(Data entries)
= = =

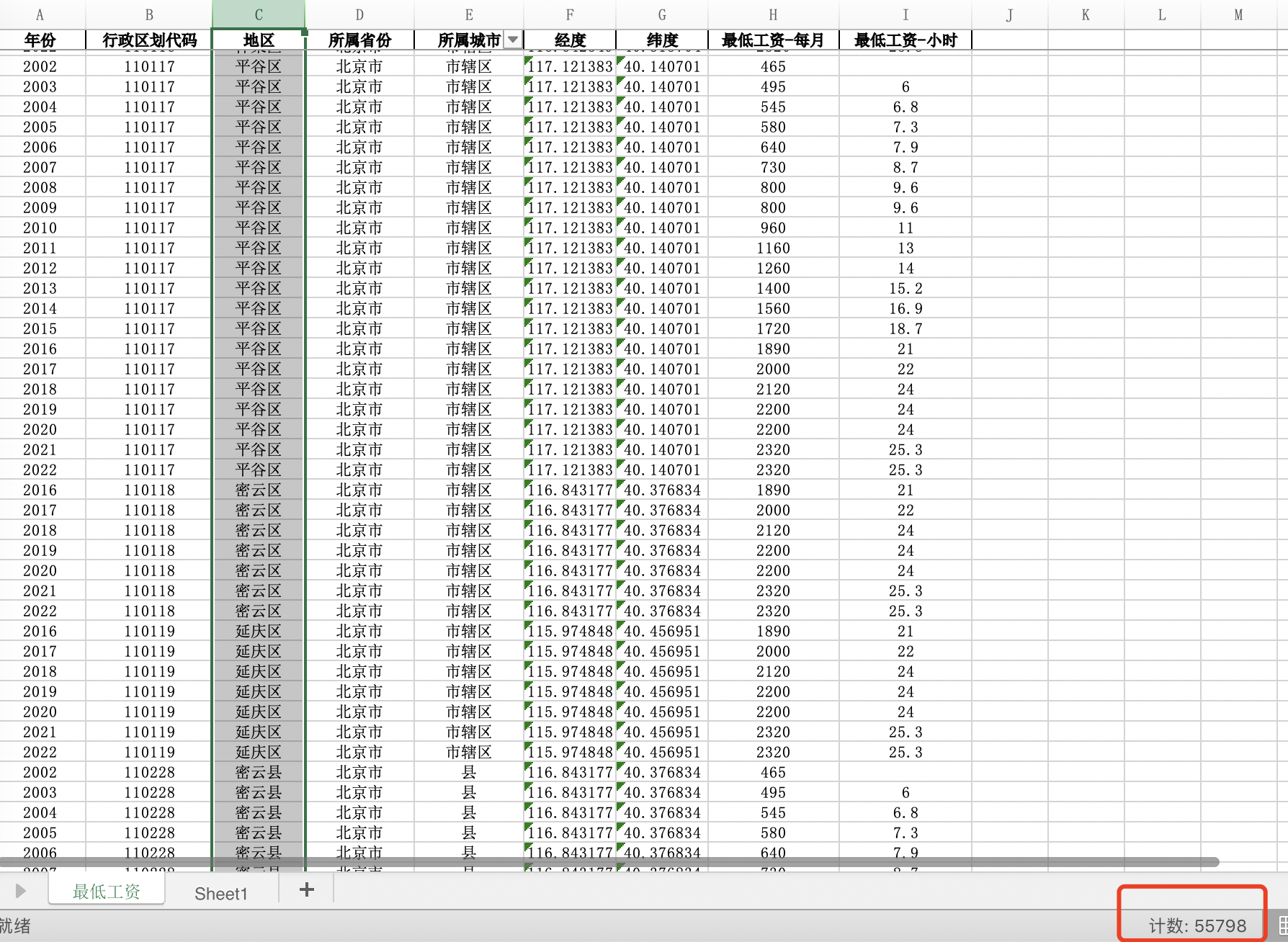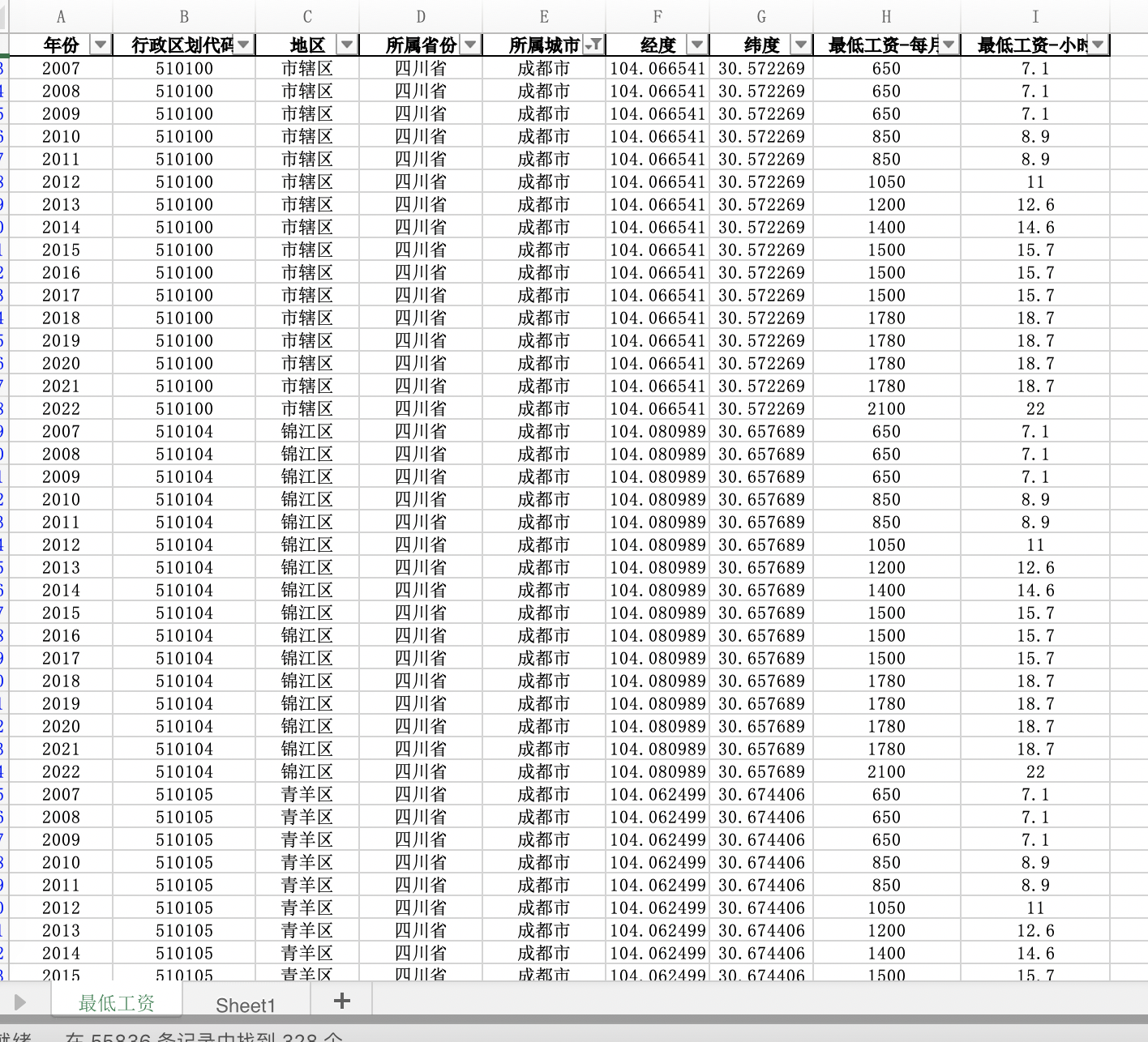 共计9个指标:年份、行政区划代码、地区、所属省份、所属城市、经度、纬度、最低工资-每月、最低工资-小时
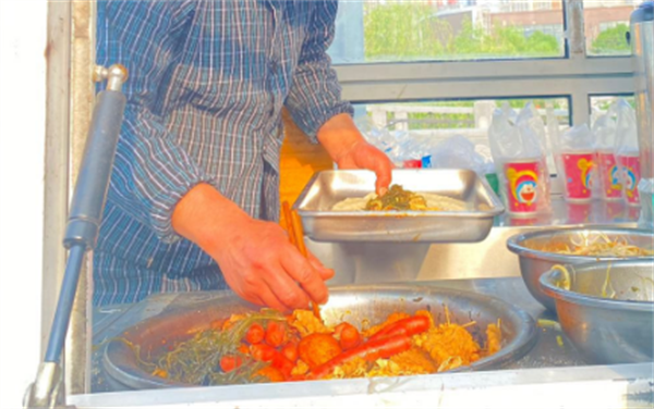 關(guān)于烙饃卷菜到底應(yīng)該配什么菜,各地、各店、各人都有不同的心頭好。沒有哪一種是“正宗”,也沒有哪一種是“必備”,真是百無禁忌,萬物皆可。比較常見的是在卷餅中加入炒綠豆芽或者土豆絲。
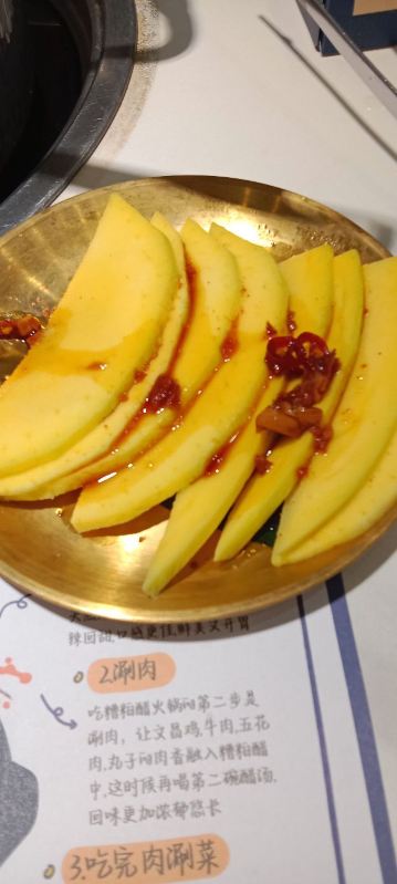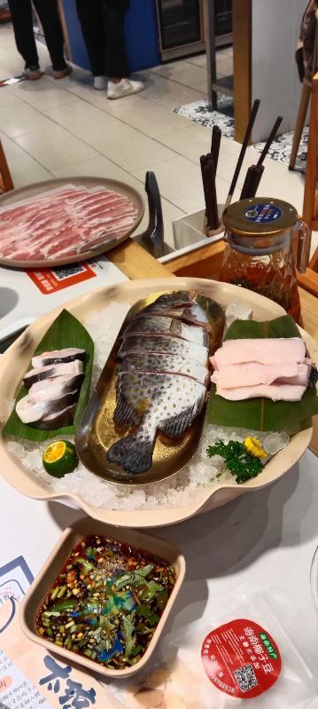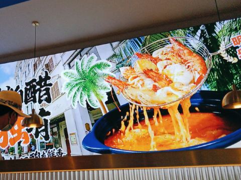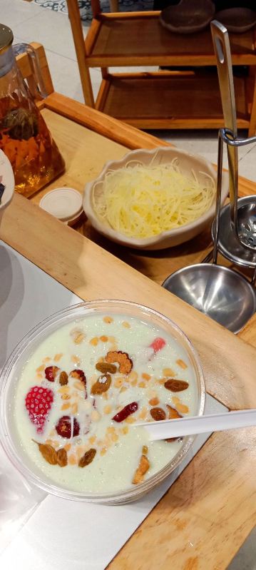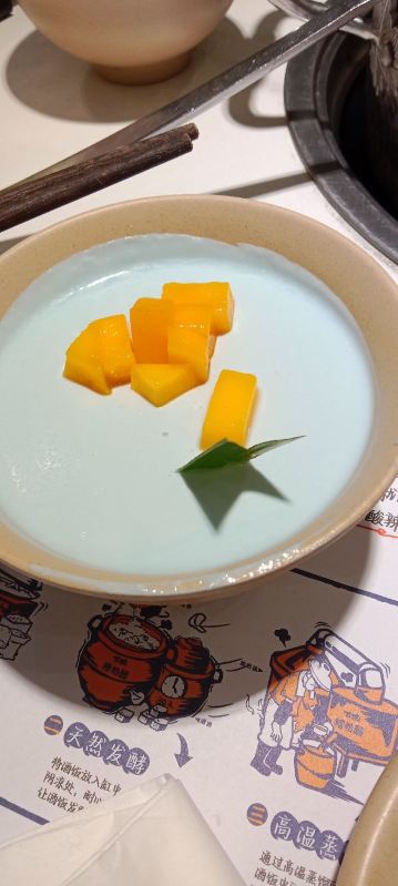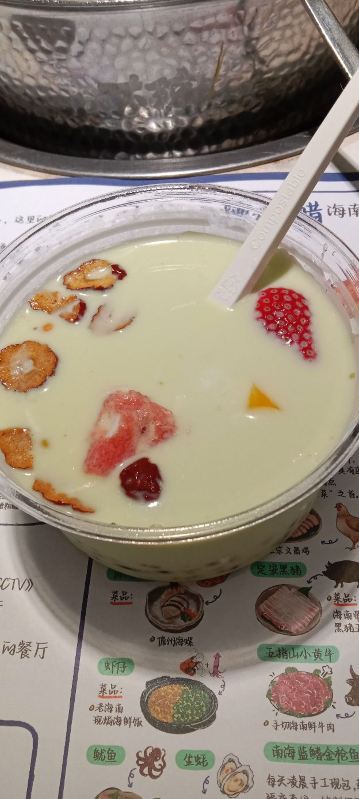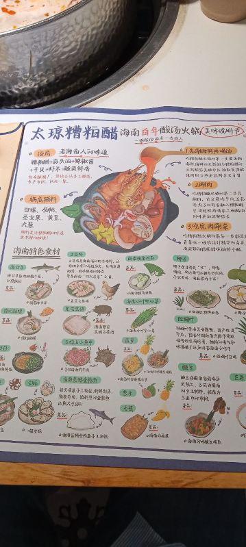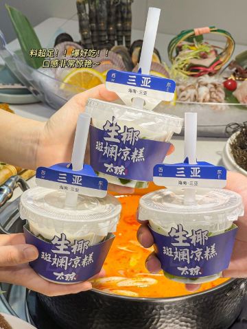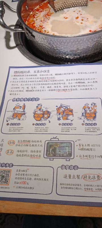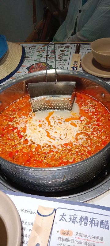 TAI QIONG LAO HAI NAN SUAN TANG HUO GUO看了很多网友的推荐,特意慕名而去的太琼糟粕醋,全部都是直营店,也不用担心价格离谱,放心消费就是了。 选择了离酒店最近的百花谷商业街分店,跟着导航走,一路抵抗住了沿路的诸多拉客叫卖的诱惑,再爬个二楼,终于找目的地了。 很小清新的南亚热带风格装修,店堂不是很大,却干净整洁,服务生都有带着口罩,手脚很麻利。 点了套餐,除了几小条不认识的海鱼,就是半只文昌鸡,两小盘丝瓜和土豆丝了。还有一个打卡收藏送斑斓凉糕的活动。可以参与一下。 实话实说,糟粕醋的汤汁还是很不错的,酸辣开胃。那些海鱼鸡肉倒是普普通通,尤其是文昌鸡,盛名之下其实难副。 套餐里的椰丝裸分店没有备货,直接想换成米饭或拉面 …讲真,来三亚不吃特色吃白米饭?貌似有点搞笑吧~沟通良久,又换了一份斑斓凉糕 😂然后单点了一锅现焗海鲜饭,只有4人大份,没有2人的小份…也只能硬着头皮点了…味道嘛,很类似于福建湿软的咸饭 ,不是广东干香煲仔饭的类型,个人感觉无功无过吧。 想试试三亚特色的亲,可以考虑拔草哦~
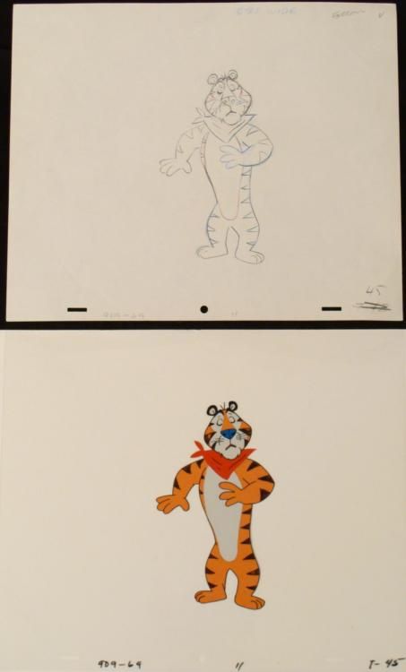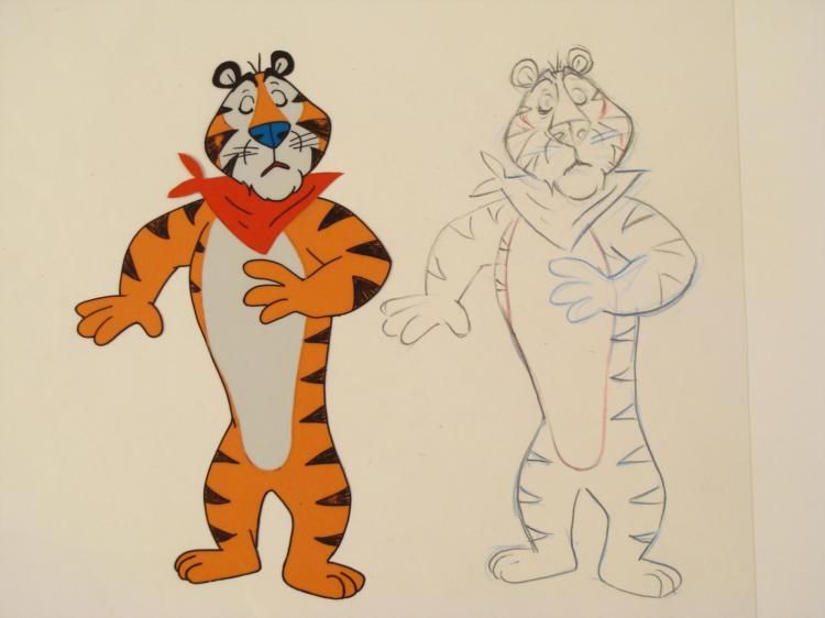 My lips are sealed... You never find out the secret recipe to my mouth watering cereal... * * * Original Drawing and Animated Cel Original "rough" animation drawing, in non-photo blue, black, and red with the notations in non-photo blue and black * * Overall size is a 12-field drawing that is 10 1/2" × 12 1/2" * Overall Size of the Cels: 10 1/2" x 12 1/2" * Excellent Condition * * * This is an original hand-painted cel set-up used in the production of the "Frosted Flakes Commercial." Each one-of-a-kind set-up represents a slight change in position of the characters. When * individually photographed and projected in rapid succession, the images appear to move. * * To create production cels, the original animator's drawing is transferred onto an acetate cel (by hand-inking and/or photo copying). * * * * * The cel and drawing are ready to be matted and framed. The animator's notations are at the bottom of the cel and the top and bottom of the drawing. * * *
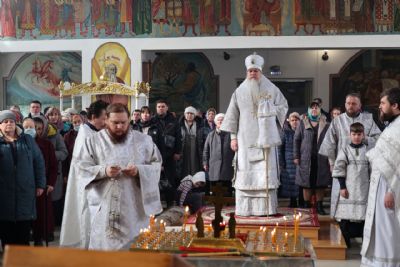 Владыке сослужили клирики собора, песнопения исполнял архиерейский хор.
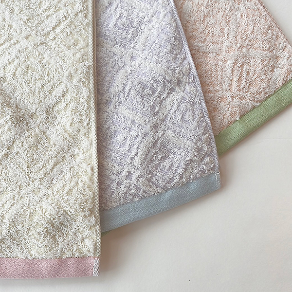 やわらかな色合いでまとまった柄タオルです。ヘムに差し色を配置し、良いアクセントに仕上がりました。
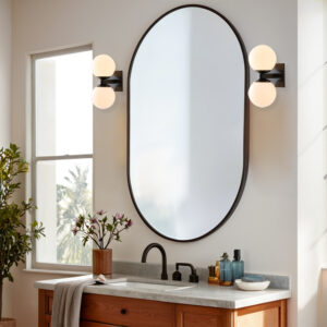 - Oval LED Mirror Chrome Bathroom Sconce, a perfect blend of industrial and modern design elements. This indoor sconce wall light will add a touch of elegance to any space.
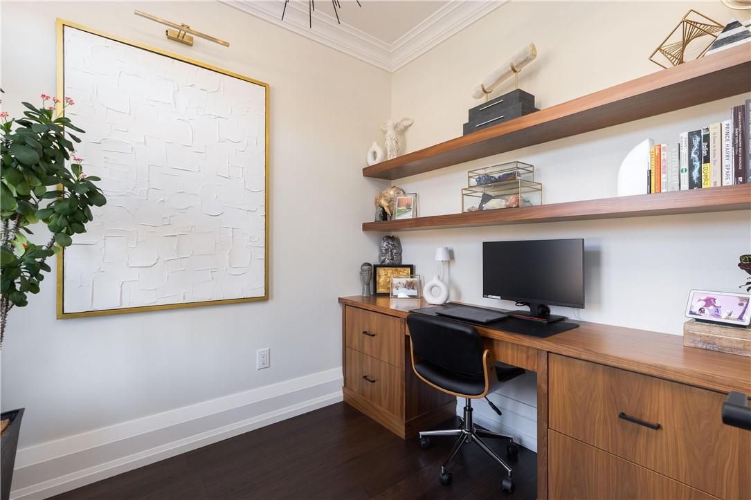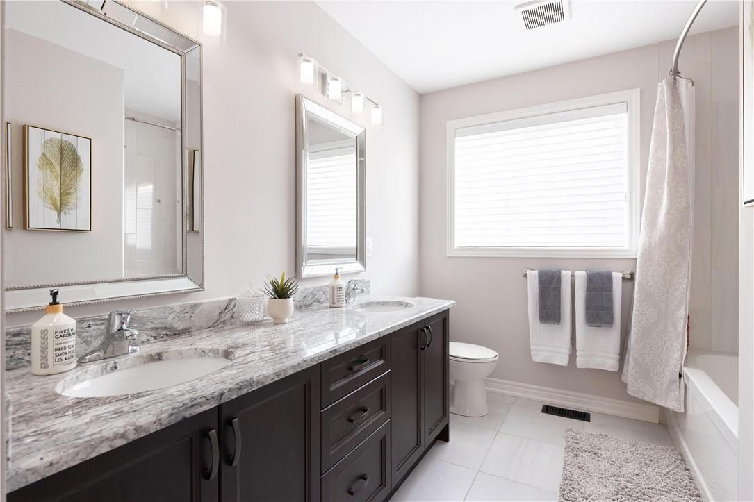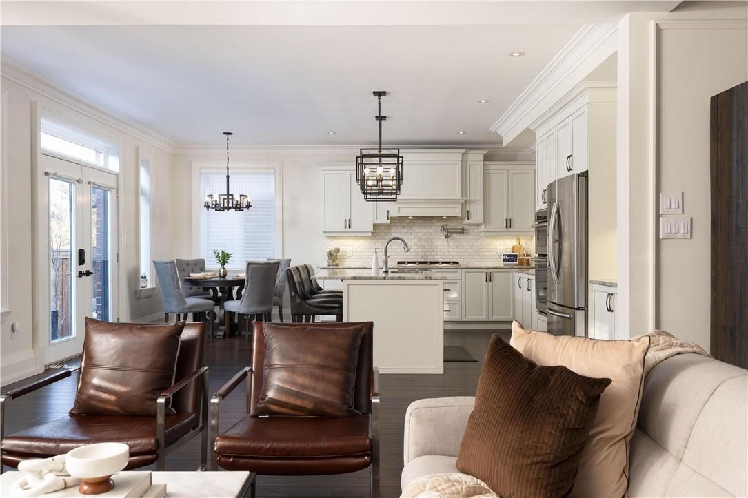 Most homes today are built to sell. This one was built by people who actually planned on living in it. You notice the difference the moment you walk through the door. Craftsmanship shows up immediately: crown moulding, oversized door and window casings, nine-inch baseboards, and engineered hardwood flows seamlessly through the first and second floors. Warm, consistent, and notably no carpet anywhere. The living room anchors the home with a waffle ceiling that catches the light beautifully and a full custom millwork fireplace wall that extends all the way to the ceiling; architectural details that add both warmth and character. Then there's the kitchen. Designed for both everyday living and entertaining, it features marble countertops, custom cabinetry with soft-close hardware, and a walk-in pantry that actually functions the way a pantry should. Upstairs, the primary suite offers a calm and private retreat with a spa inspired ensuite that might actually make mornings enjoyable. Three additional bedrooms, a beautifully updated bathroom, and laundry room because hauling baskets to the basement is a lifestyle choice no one should make. The finished lower level adds versatility with durable luxury vinyl plank flooring designed for real life. A wet bar, fireplace, gym, fifth bedroom, bathroom, cold cellar and generous storage. It also happens to be an excellent place to hide from your in-laws when they visit. Step outside and the backyard feels like its own private retreat. Fully fenced with mature trees, thoughtful landscaping, and a gazebo perfect for long summer evenings. The work has already been done all that's left is to enjoy it. The location brings everything together. Steps to the water, two minutes to the highway. Five minutes to wineries, and scenic trails. Right in the heart of stoney creek quiet when you want it, close to everything when you don't. Homes built like this don't come along often, come see the difference for yourself.

= = =

### Exercise aim
Full transcription without images: please go through the records and repeat them exactly.

### Task output
 共计9个指标:年份、行政区划代码、地区、所属省份、所属城市、经度、纬度、最低工资-每月、最低工资-小时
 關(guān)于烙饃卷菜到底應(yīng)該配什么菜,各地、各店、各人都有不同的心頭好。沒有哪一種是“正宗”,也沒有哪一種是“必備”,真是百無禁忌,萬物皆可。比較常見的是在卷餅中加入炒綠豆芽或者土豆絲。
 TAI QIONG LAO HAI NAN SUAN TANG HUO GUO看了很多网友的推荐,特意慕名而去的太琼糟粕醋,全部都是直营店,也不用担心价格离谱,放心消费就是了。 选择了离酒店最近的百花谷商业街分店,跟着导航走,一路抵抗住了沿路的诸多拉客叫卖的诱惑,再爬个二楼,终于找目的地了。 很小清新的南亚热带风格装修,店堂不是很大,却干净整洁,服务生都有带着口罩,手脚很麻利。 点了套餐,除了几小条不认识的海鱼,就是半只文昌鸡,两小盘丝瓜和土豆丝了。还有一个打卡收藏送斑斓凉糕的活动。可以参与一下。 实话实说,糟粕醋的汤汁还是很不错的,酸辣开胃。那些海鱼鸡肉倒是普普通通,尤其是文昌鸡,盛名之下其实难副。 套餐里的椰丝裸分店没有备货,直接想换成米饭或拉面 …讲真,来三亚不吃特色吃白米饭?貌似有点搞笑吧~沟通良久,又换了一份斑斓凉糕 😂然后单点了一锅现焗海鲜饭,只有4人大份,没有2人的小份…也只能硬着头皮点了…味道嘛,很类似于福建湿软的咸饭 ,不是广东干香煲仔饭的类型,个人感觉无功无过吧。 想试试三亚特色的亲,可以考虑拔草哦~
 My lips are sealed... You never find out the secret recipe to my mouth watering cereal... * * * Original Drawing and Animated Cel Original "rough" animation drawing, in non-photo blue, black, and red with the notations in non-photo blue and black * * Overall size is a 12-field drawing that is 10 1/2" × 12 1/2" * Overall Size of the Cels: 10 1/2" x 12 1/2" * Excellent Condition * * * This is an original hand-painted cel set-up used in the production of the "Frosted Flakes Commercial." Each one-of-a-kind set-up represents a slight change in position of the characters. When * individually photographed and projected in rapid succession, the images appear to move. * * To create production cels, the original animator's drawing is transferred onto an acetate cel (by hand-inking and/or photo copying). * * * * * The cel and drawing are ready to be matted and framed. The animator's notations are at the bottom of the cel and the top and bottom of the drawing. * * *
 Владыке сослужили клирики собора, песнопения исполнял архиерейский хор.
 やわらかな色合いでまとまった柄タオルです。ヘムに差し色を配置し、良いアクセントに仕上がりました。
 - Oval LED Mirror Chrome Bathroom Sconce, a perfect blend of industrial and modern design elements. This indoor sconce wall light will add a touch of elegance to any space.
 Most homes today are built to sell. This one was built by people who actually planned on living in it. You notice the difference the moment you walk through the door. Craftsmanship shows up immediately: crown moulding, oversized door and window casings, nine-inch baseboards, and engineered hardwood flows seamlessly through the first and second floors. Warm, consistent, and notably no carpet anywhere. The living room anchors the home with a waffle ceiling that catches the light beautifully and a full custom millwork fireplace wall that extends all the way to the ceiling; architectural details that add both warmth and character. Then there's the kitchen. Designed for both everyday living and entertaining, it features marble countertops, custom cabinetry with soft-close hardware, and a walk-in pantry that actually functions the way a pantry should. Upstairs, the primary suite offers a calm and private retreat with a spa inspired ensuite that might actually make mornings enjoyable. Three additional bedrooms, a beautifully updated bathroom, and laundry room because hauling baskets to the basement is a lifestyle choice no one should make. The finished lower level adds versatility with durable luxury vinyl plank flooring designed for real life. A wet bar, fireplace, gym, fifth bedroom, bathroom, cold cellar and generous storage. It also happens to be an excellent place to hide from your in-laws when they visit. Step outside and the backyard feels like its own private retreat. Fully fenced with mature trees, thoughtful landscaping, and a gazebo perfect for long summer evenings. The work has already been done all that's left is to enjoy it. The location brings everything together. Steps to the water, two minutes to the highway. Five minutes to wineries, and scenic trails. Right in the heart of stoney creek quiet when you want it, close to everything when you don't. Homes built like this don't come along often, come see the difference for yourself.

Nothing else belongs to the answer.